▸ Exercise brief
Omitting the pictures, print every line below exactly as it stands.

▸ Data section
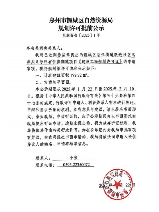 [规划许可]鲤城区临江街道跃进社区乌岸头8号私有住房翻建项目《建设工程规划许可证》批前公示
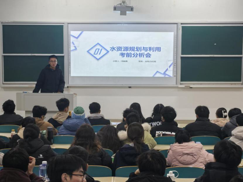 12月26日晚,水利与环境工程学院在云塘校区云综教A208室开展了“水润朋辈”课堂,邀请到金牌小讲师水电2102班汤毓晟主讲,为在水资源规划与利用课程学习上有困难的同学开启了一场考前分析会。
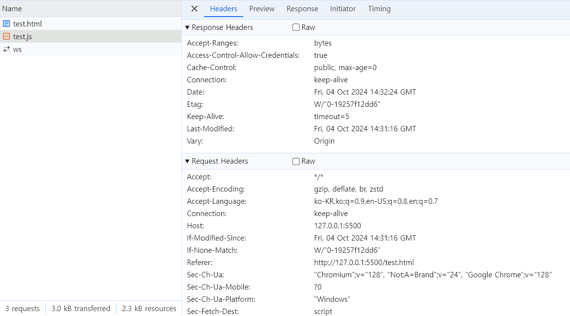 개발자 도구의 네트워크 창에서 서버로부터 다운 받은 파일을 눌러 보면 아래와 같이 Headers 탭에 적혀 있는 것을 본 적 있을 것이다. 이는 클라이언트와 서버 간에 HTTP 메시지를 통해 통신한 이력이라고 이해할 수 있다.

▸ Your response
 [规划许可]鲤城区临江街道跃进社区乌岸头8号私有住房翻建项目《建设工程规划许可证》批前公示
 12月26日晚,水利与环境工程学院在云塘校区云综教A208室开展了“水润朋辈”课堂,邀请到金牌小讲师水电2102班汤毓晟主讲,为在水资源规划与利用课程学习上有困难的同学开启了一场考前分析会。
 개발자 도구의 네트워크 창에서 서버로부터 다운 받은 파일을 눌러 보면 아래와 같이 Headers 탭에 적혀 있는 것을 본 적 있을 것이다. 이는 클라이언트와 서버 간에 HTTP 메시지를 통해 통신한 이력이라고 이해할 수 있다.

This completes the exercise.